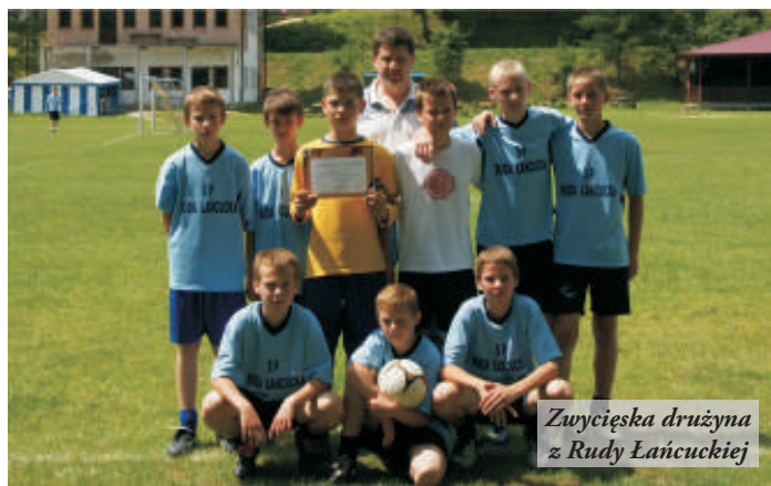
Zwycięska drużyna z Rudy Łańcuckiej
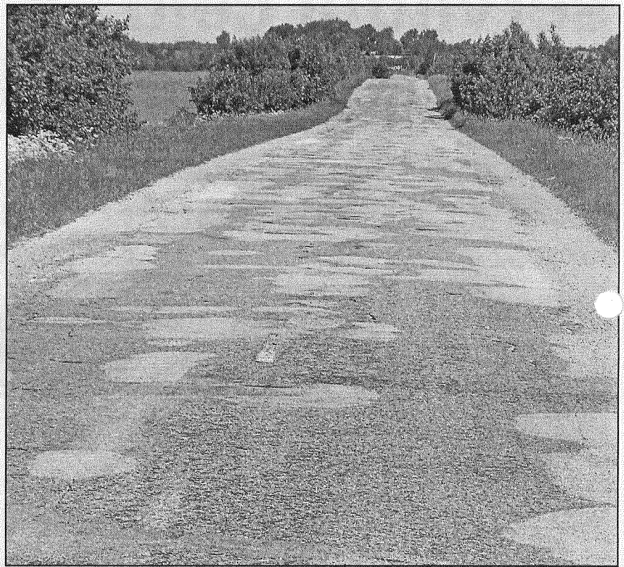
● Tas nav ielāpains lupatu dekis, bet gan ceļš no Korsikovas līdz Aizkalnei. Šis ceļa posms bija iekļauts rajona padomes prioritāri remontējamu ceļu sarakstā, taču finansējuma jaunam asfalta klājumam nav.

Satiksmes ministrijas valsts sekretārs skaidro, ka programma otrās šķiras au-
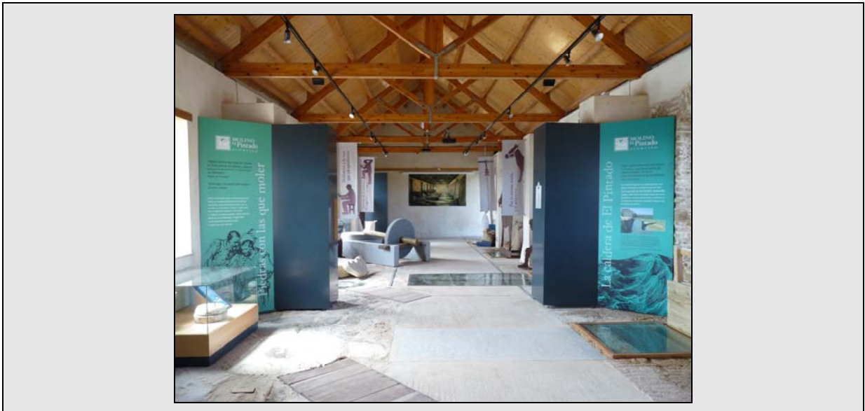
Sala de molienda con la exhibición interpretativa instalada (septiembre de 2.009).

Para la interpretación del Molino Mareal y del Paraje Natural se ha intervenido primero en los exteriores del edificio, mediante la instalación de paneles que, además de identificar las infraestructuras del Molino –camino, caldera, embarcadero...-, ayudan a la comprensión del paisaje marismeño, de indudable belleza y valor ecológico.
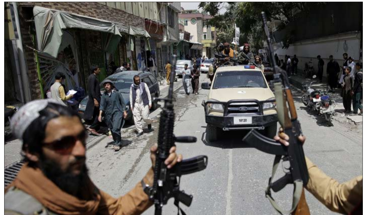
الضغط المالي والاقتصادي للتأثير على الأحداث

وكان لصور ظهر فيها يضحك خلف الرئيس فرانك فالتر شتاينماير وسط فيضان، تأثير كارثي على رجل لم يلق يوماً إجماعاً في حزبه السياسي.
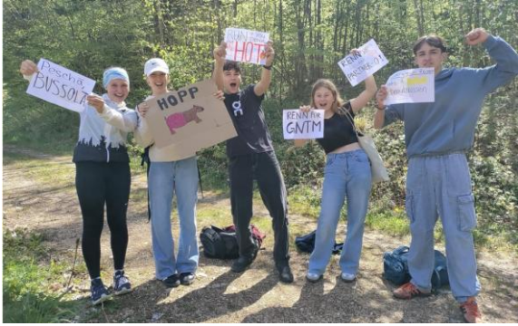
Testläufe Hoch-Ybrig/Stoos (Mai)
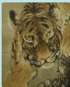
西山翠峰「虎」(模写・部分)

本展は平成 30 年が明治改元から満 150 年の節目の年に当たることを記念した「明治 150 年・京都のキセキ・プロジェクト」の一環として開催します。美術家の田村友一郎監修のもと、本学の前身・京都府画学校の創立者の一人であり、煎茶道の発展に寄与したことで知られる日本画家の田能村直入の足跡を辿りながら、新たな物語を紡ぎ出すことにより収蔵品の「演出」を試みます。
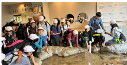
タッチプールでヒトデにタッチ
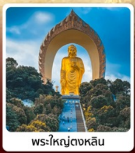
พระใหญ่ตงหลิน
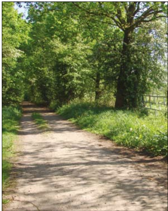
De huidige Prinsenlaan.

De weilanden aan beide zijden van het nog bestaande gedeelte van de Prinsenlaan hebben vanaf de ontginning van het oorspronkelijke veengebied een agrarische functie. In 1980 hebben studenten in het kader van de tweede graadsopleiding biologie aan de Stichting Opleiding Leraren te Utrecht er een veldonderzoek verricht. Van dit onderzoek is een verslag gemaakt, getiteld 'Maartensdijkse Houtsingels' waarin een inventarisatie is opgenomen van de aangetroffen broedvogels en flora in de lijnvormige hout-
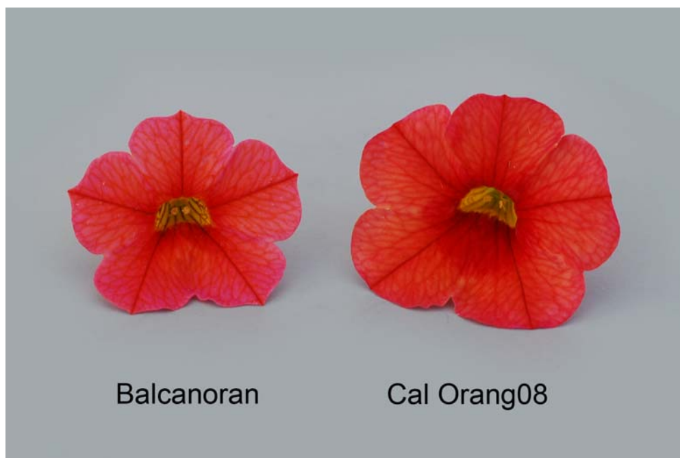
Calibrachoa: 'Balcanoran' (gauche) avec la variété de référence 'Cal Orang08' (droite)
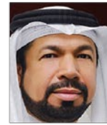
سعادة الدكتور صلاح علي محمد عبدالرحمن وزير وبرلماني سابق
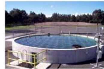
A 50 m 2 solar pond at RMIT University

-------------------------

Exercise goal: An exact copy of the lines above from the one with "西山翠峰「虎」(模写・部分)" up to and including the one with "De huidige Prinsenlaan." is required; reproduce only those lines, omitting all pictures.

Solution for this task:
西山翠峰「虎」(模写・部分)

本展は平成 30 年が明治改元から満 150 年の節目の年に当たることを記念した「明治 150 年・京都のキセキ・プロジェクト」の一環として開催します。美術家の田村友一郎監修のもと、本学の前身・京都府画学校の創立者の一人であり、煎茶道の発展に寄与したことで知られる日本画家の田能村直入の足跡を辿りながら、新たな物語を紡ぎ出すことにより収蔵品の「演出」を試みます。
タッチプールでヒトデにタッチ
พระใหญ่ตงหลิน
De huidige Prinsenlaan.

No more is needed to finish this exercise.